He glanced toward Cliff who was keeping apart from them and added: “Now we would have food and then we would be alone and I will speak of this matter of the corn to Chasca.”

“It shall be so,” replied the priest and issued orders to the girls who began to busy themselves bringing rude tables and utensils into the small antechamber of the temple where they were to be quartered.

“And if there are those who are sick,” went on Bill, “name them to me that Chasca may be asked to smile toward them and, if it is his purpose, lift them from the ground.”

“There is one—but he is only a pale and worthless one, not of our tribe, though quite a scholar. But first, O, servant speak of our corn.”
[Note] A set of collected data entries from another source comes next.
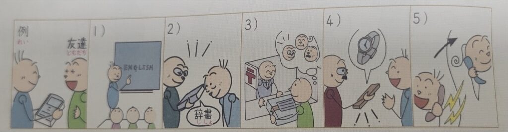 けさ図書館へ行きました。図書館で太郎ちゃんに会いました。太郎ちゃんにといっしょにビデオを見ました。わたしは旅行の本を借りました。
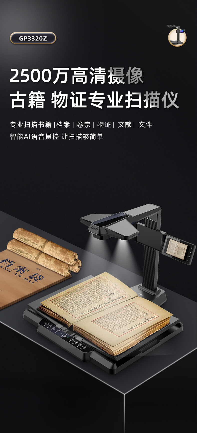 科密 GP3320Z 2500萬高清像素高拍儀 書籍成冊掃描曲面展平 A3A4古籍物證檔案掃描儀
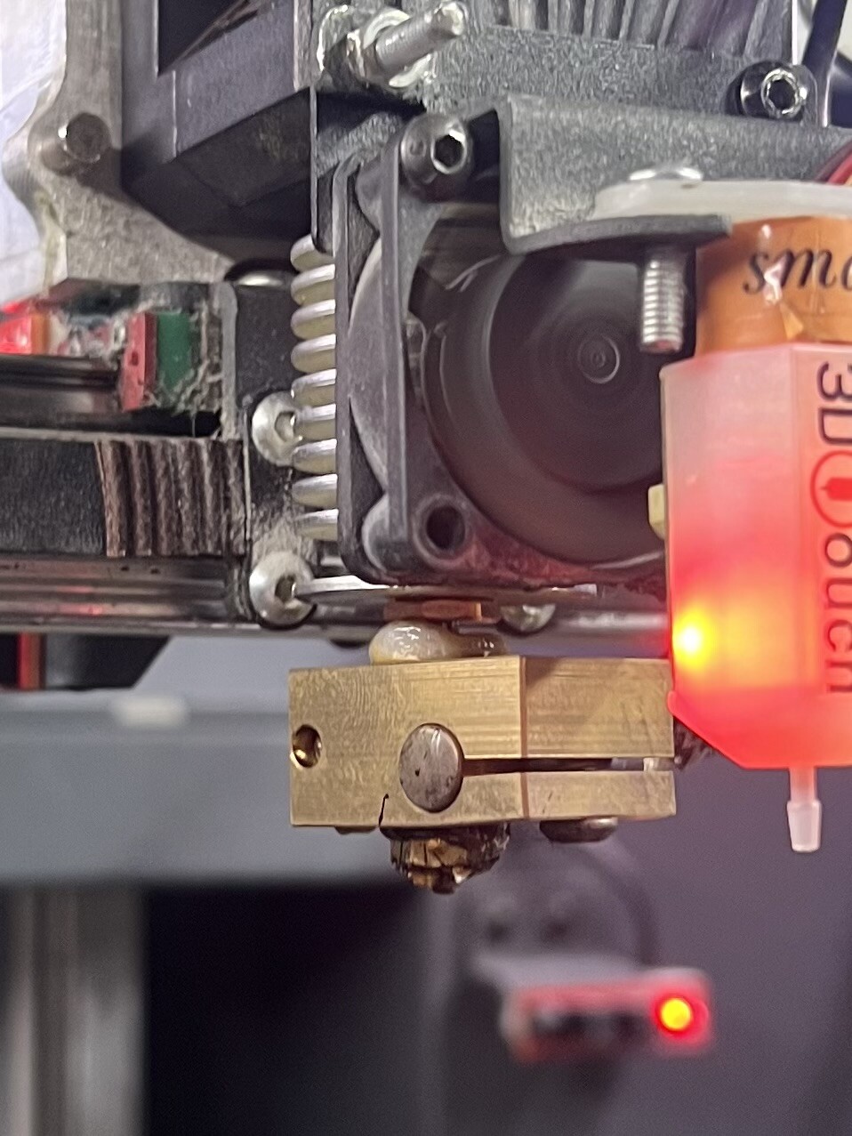Поменяла сопло, после того как предыдущее забилось. При принудительном выдавливании пластика - все ок, когда начинается печать, то пластика выходит мало, полноценная линия не образуется. И пластик скапливается между радиатором и нагревательным блоком. Также при печати шестеренка издает хруст. Подскажите в чем может быть проблема?
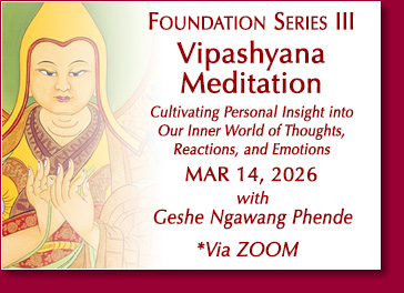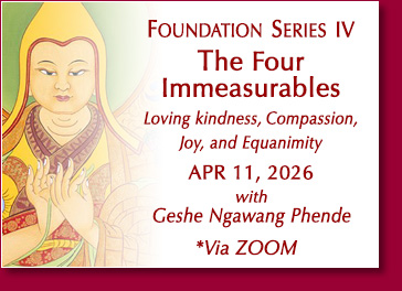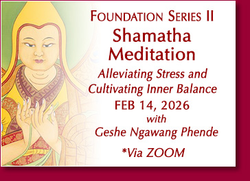 | Geshe Ngawang Phende will lead the Foundation Series begining with an introduction to Buddhism and continuing with retreats on the four universal Buddhist meditation practices. |
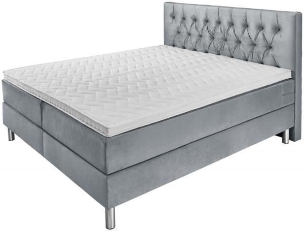 Proljetni krevet u praktičnom kompletu. Kutija sa džepnim oprugama. Čvrsti drveni okvir. 7 zona džepnog proljetnog dušeka. Gel pjena topper za udoban san. Uzglavlje sa klasičnim Chesterfield quiltingom. Srebrna čelična stopala. Visina za ulazak u krevet: 69 cm. Visina: Stopala 16 cm + kutija 27 cm + dušek 21 cm + topper 5 cm; Ukupna visina: 69 cm Sa velurovim pokrivačem. Dostupno kao jednokrevetni ili dupli krevet. Isporučuje se sa povezanim elementima. Dostupan u sivoj i tamnoplavoj boji.
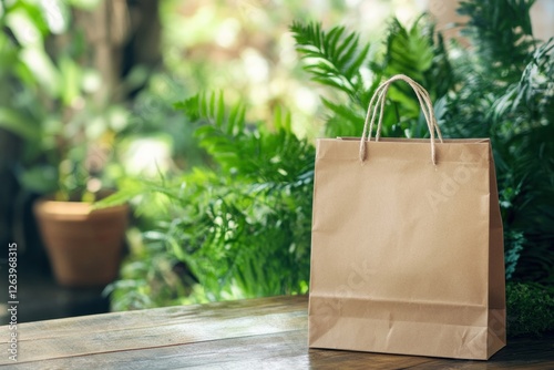 Eco friendly paper bag displayed on a wooden table with lush green plants in a vibrant natural setting. Generative AI
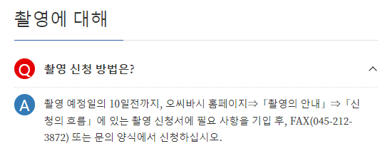 미리 촬영 허가를 받아야 하며 (10일 전 팩스)

“It shall be so,” said Bill. “Now—leave us.”

While they ate strange meats and other food from dishes of silver and gold, served by the maidens, Bill told Cliff that he knew that the father they had come to help was alive. They were all glad and anxious to find a way to see him.

“I wonder why those girls keep tittering, and looking at Nicky,” said Tom as the dishes were cleared away.

Bill, smiling to himself, beckoned to one and said a few words in quichua. The girl giggled, quite like any girl, put her finger to her lips shyly and then whispered a swift word and fled.

Bill broke into a hearty laugh.

“All right for you!” grumbled Nicky. “They have some joke about me. If you don’t want to tell——”

“They have a name for you,” Bill chuckled. “Never mind the exact word, but it means He-Who-Sits-Down-Upon-Llamas!”

CHAPTER XII
CLIFF FACES A PROBLEM

“You fellows are having all the fun,” Cliff said ruefully, while the disguised five sat around after dinner the third day they spent in Quichaka. “You can go all over town and see all the sights and I have to sit like a judge, all alone in my temple.”

“It won’t be for long,” Nicky cheered him up. “Bill saw your father again—how was he, Bill?”

“He’s getting better every minute,” Bill informed them. “When they took me to see him first—at Chasca’s command—and I don’t think they suspected anything—I managed to get a chance to whisper to him that we were disguised friends. He chirked up right away. He isn’t so very sick—just weak. He lost hope and heart, I guess, and sort of pined away. But today I got a chance to whisper that his son is here—you ought to see him spruce up!”

“If I could see him——” Cliff said.

“It would be dangerous. Either he, or you, might get excited and spoil everything. No! Better wait till the Feast of Raymi. Then we can have him brought before you. He’s pretending that he is no better so that when you see him you can pretend to cure him.”

“I think that will be best,” counselled Mr. Whitley. “Now if you are ready, Tom, let us go out to the farm lands and inspect that corn crop again. I am something of a chemist and I think that if I can only find the ingredients to mix a good insecticide, we can show them what will seem like a marvelous destruction of the pests which are eating away the grain. We must search as quickly as we can because we want to be ready at the festival.”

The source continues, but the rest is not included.